Compiler-Symbolic vs Hybrid-Neural Approach:
GPU-Accelerated Unbinned Fits in HEP
MoreFit (Langenbruch, EPJC 86, 2026) showed that symbolic differentiation + JIT-compiled computation graphs yield ~10× speedup over RooFit CUDA for "clean" unbinned fits. NextStat takes a different path — ONNX-backed normalizing flows (optional, feature neural) + fused CUDA kernels with analytical gradients + yield systematics (rate modifiers) from day one. This article dissects both approaches mathematically, compares architectures, and demonstrates why production physics analyses demand a hybrid pipeline.
February 2026 · ~20 min read
1.Extended Unbinned Likelihood: Mathematical Formulation
Unbinned (event-level) analysis constructs the likelihood directly from observed events{xi}i=1…N, preserving all information that binning would discard. The extended likelihood for a model with P processes:
ℒ(θ) = Pois(N | ν_tot(θ)) · ∏ᵢ₌₁ᴺ f(xᵢ | θ) where: ν_tot(θ) = Σₚ νₚ(θ) — total expected yield f(xᵢ | θ) = Σₚ νₚ(θ) · pₚ(xᵢ | θ) / ν_tot(θ) — weighted mixture PDF Negative log-likelihood: NLL(θ) = ν_tot(θ) − Σᵢ log[ Σₚ νₚ(θ) · pₚ(xᵢ | θ) ] + C_constr(θ) C_constr(θ) = ½ Σⱼ ((θⱼ − μⱼ) / σⱼ)² — Gaussian constraints
The computational bottleneck is the inner sum over processes for each of N events.

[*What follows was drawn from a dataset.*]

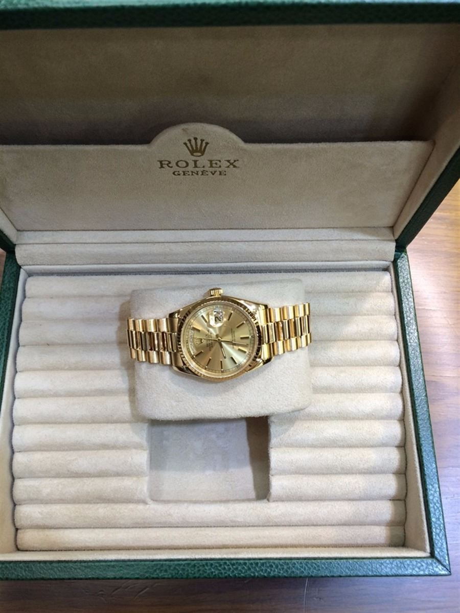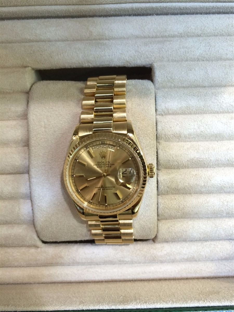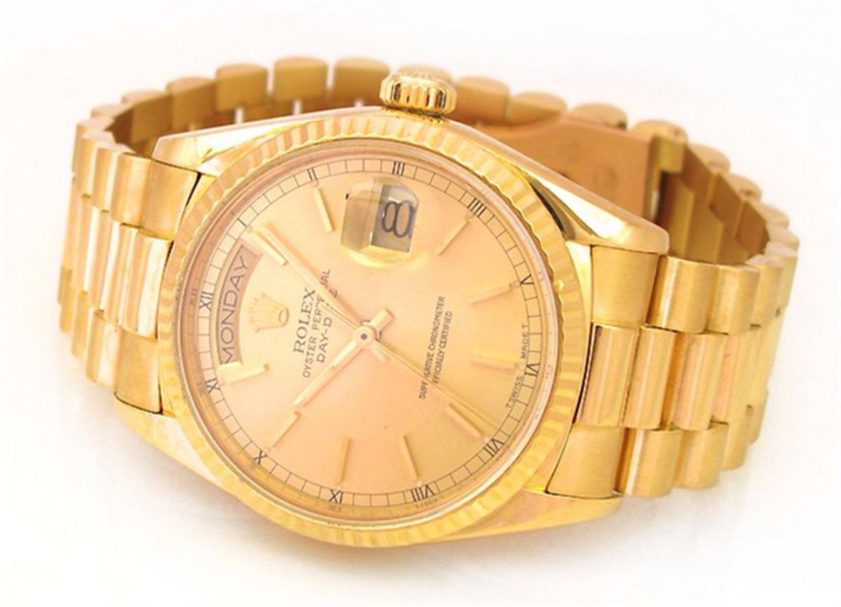 Gents Rolex 18K Yellow Gold Oyster Perpetual Daydate. Champagne Dial. 18K Fluted Bezel. 18K Yellow G
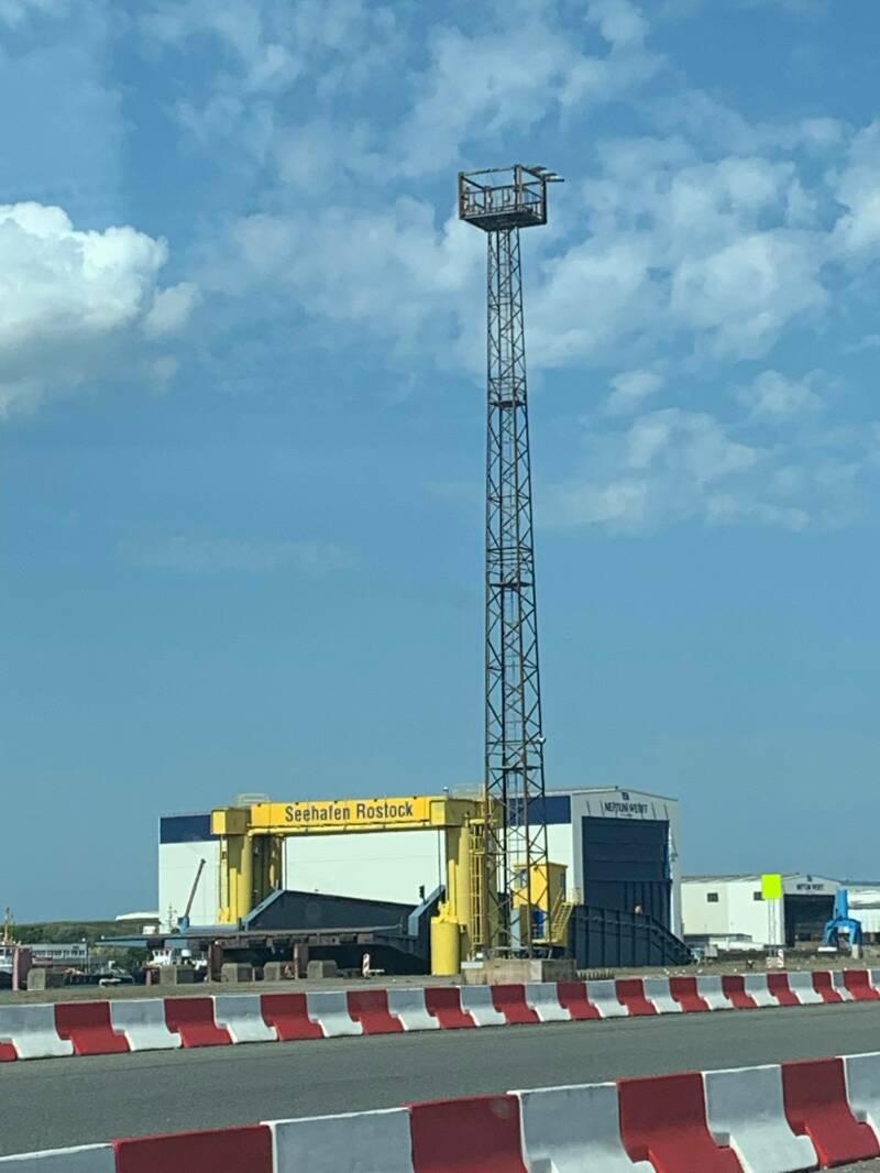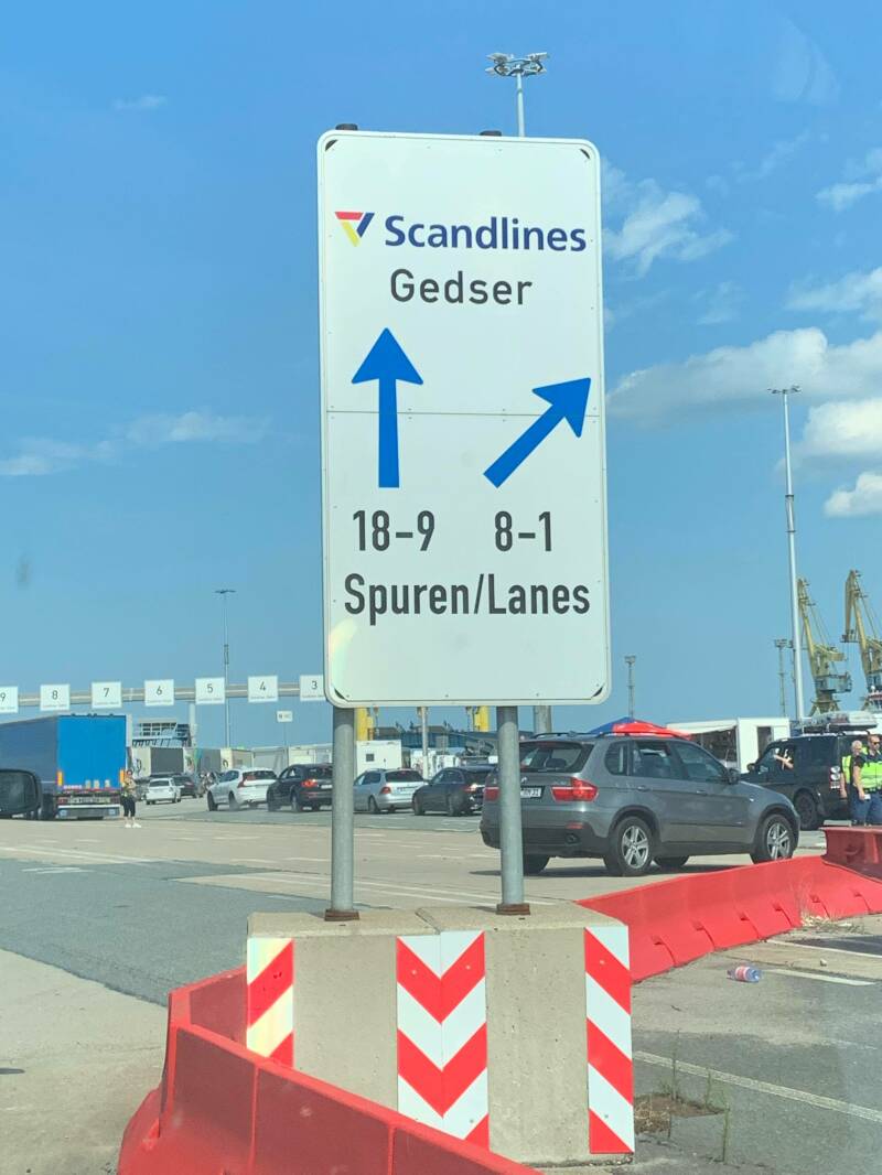 In alle vroegte staan we op. We moeten op tijd bij de veerboot zijn en dat kost ongeveer 3 uur. We hebben er 4 uur voor uitgetrokken voor je weet maar nooit. Als ik ga douchen en inpakken gaat Arjan ondertussen verse broodjes halen bij de bakker in de stationshal. Die hadden we gisteren al gespot. We checken uit en begroeten Pierre die we twee dagen aan zijn lot hebben overgelaten in een Oost-Duitse garage. Na drie rondjes garage, (want waar is de uitgang?) rijden we Berlijn in. Het duurt nog even voor we er überhaupt uit zijn, deze stad is zo mega groot. Maar dan komt de snelweg in zicht. Shit, werk aan de weg, we mogen maar 60 km.pu. Het lijkt eindig lang te duren maar na 40 km. kunnen we eindelijk weer door. Dit gebeuren herhaalt zich meerdere keren maar de navigatie schijnt dit al berekend te hebben want we verliezen wonderwel geen tijd. Als we in Rostock aankomen vraag ik me af of ik met die zwaar bevochten ferry-bevestiging gewoon in kan checken. Ik ga het voor de zekerheid maar even in het gebouwtje vragen. De man die mij helpt scant de mail en verwijst me door naar de incheckpoortjes. We wachten in de rij en vragen ons af of we eigenlijk wel met een ID naar binnen mogen. Hoort Denemarken wel bij de EU? Stel je voor dat ze ons er niet in laten. Weer lekker op tijd uitgezocht Maris, pfff. We houden onze ID's gereed en wachten gespannen af. De vrouw bij het loket scant eveneens de mail en taalt niet om een identificatie. Oké, appeltje eitje dus.

ForN = 50,000–500,000 (typical unbinned analyses at LHCb/Belle II) this dominates all other costs. GPUs are ideal: each event is an independent unit of work.
Minimizing NLL(θ) requires the gradient ∇θNLL. This is where the two approaches fundamentally diverge.
2.The MoreFit Approach: Compiler Optimizations on the Computation Graph
MoreFit (Langenbruch, EPJC 86, 2026) proposes a compiler-based approach to unbinned fits. The core idea: users describe PDFs as a symbolic computation graph, the framework optimizes the graph, then JIT-compiles it into a GPU kernel (OpenCL) or CPU code (LLVM/Clang with SIMD).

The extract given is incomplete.